BEGIN

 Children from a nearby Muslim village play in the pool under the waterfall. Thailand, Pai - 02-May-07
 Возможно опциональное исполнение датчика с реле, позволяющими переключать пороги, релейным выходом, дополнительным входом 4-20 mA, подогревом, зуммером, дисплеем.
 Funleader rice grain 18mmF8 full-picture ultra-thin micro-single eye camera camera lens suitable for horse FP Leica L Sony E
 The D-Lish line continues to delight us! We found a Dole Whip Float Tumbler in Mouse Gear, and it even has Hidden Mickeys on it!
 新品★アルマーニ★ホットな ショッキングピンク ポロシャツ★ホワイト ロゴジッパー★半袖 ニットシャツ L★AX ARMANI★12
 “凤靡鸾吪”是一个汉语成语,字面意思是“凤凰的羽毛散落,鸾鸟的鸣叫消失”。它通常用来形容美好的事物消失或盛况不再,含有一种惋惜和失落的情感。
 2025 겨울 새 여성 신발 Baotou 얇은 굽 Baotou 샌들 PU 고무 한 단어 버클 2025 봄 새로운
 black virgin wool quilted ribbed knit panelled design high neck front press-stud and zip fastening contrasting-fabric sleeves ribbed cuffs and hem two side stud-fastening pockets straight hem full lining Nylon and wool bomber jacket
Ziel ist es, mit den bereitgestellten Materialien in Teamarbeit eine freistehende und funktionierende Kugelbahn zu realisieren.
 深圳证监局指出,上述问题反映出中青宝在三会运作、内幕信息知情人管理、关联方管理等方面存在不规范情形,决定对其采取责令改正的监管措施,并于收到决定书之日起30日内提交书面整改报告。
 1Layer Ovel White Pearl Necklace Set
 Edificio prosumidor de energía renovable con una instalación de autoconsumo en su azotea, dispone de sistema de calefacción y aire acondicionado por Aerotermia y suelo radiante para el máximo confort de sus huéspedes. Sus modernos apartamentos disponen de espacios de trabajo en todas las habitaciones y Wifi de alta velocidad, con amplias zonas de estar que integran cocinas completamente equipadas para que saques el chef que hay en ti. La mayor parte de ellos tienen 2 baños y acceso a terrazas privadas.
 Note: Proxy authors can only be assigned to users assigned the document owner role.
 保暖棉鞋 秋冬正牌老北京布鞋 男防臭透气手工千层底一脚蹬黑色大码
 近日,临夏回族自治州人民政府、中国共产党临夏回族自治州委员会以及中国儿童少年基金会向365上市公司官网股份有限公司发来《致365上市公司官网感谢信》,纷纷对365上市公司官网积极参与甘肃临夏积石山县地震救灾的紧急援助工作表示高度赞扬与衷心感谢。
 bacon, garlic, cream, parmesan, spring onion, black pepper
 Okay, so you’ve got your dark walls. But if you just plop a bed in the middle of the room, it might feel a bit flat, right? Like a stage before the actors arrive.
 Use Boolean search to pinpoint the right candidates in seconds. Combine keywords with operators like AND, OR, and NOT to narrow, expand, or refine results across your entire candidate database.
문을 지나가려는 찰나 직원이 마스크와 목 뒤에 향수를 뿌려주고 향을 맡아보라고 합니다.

END

> _WORK INSTRUCTIONS_
Begin at the line above that has "深圳证监局指出,上述问题反映" and stop after the line that has "Note: Proxy authors", copying each line exactly and adding nothing else.

> _RESPONSE TO THIS EXERCISE_
 深圳证监局指出,上述问题反映出中青宝在三会运作、内幕信息知情人管理、关联方管理等方面存在不规范情形,决定对其采取责令改正的监管措施,并于收到决定书之日起30日内提交书面整改报告。
 1Layer Ovel White Pearl Necklace Set
 Edificio prosumidor de energía renovable con una instalación de autoconsumo en su azotea, dispone de sistema de calefacción y aire acondicionado por Aerotermia y suelo radiante para el máximo confort de sus huéspedes. Sus modernos apartamentos disponen de espacios de trabajo en todas las habitaciones y Wifi de alta velocidad, con amplias zonas de estar que integran cocinas completamente equipadas para que saques el chef que hay en ti. La mayor parte de ellos tienen 2 baños y acceso a terrazas privadas.
 Note: Proxy authors can only be assigned to users assigned the document owner role.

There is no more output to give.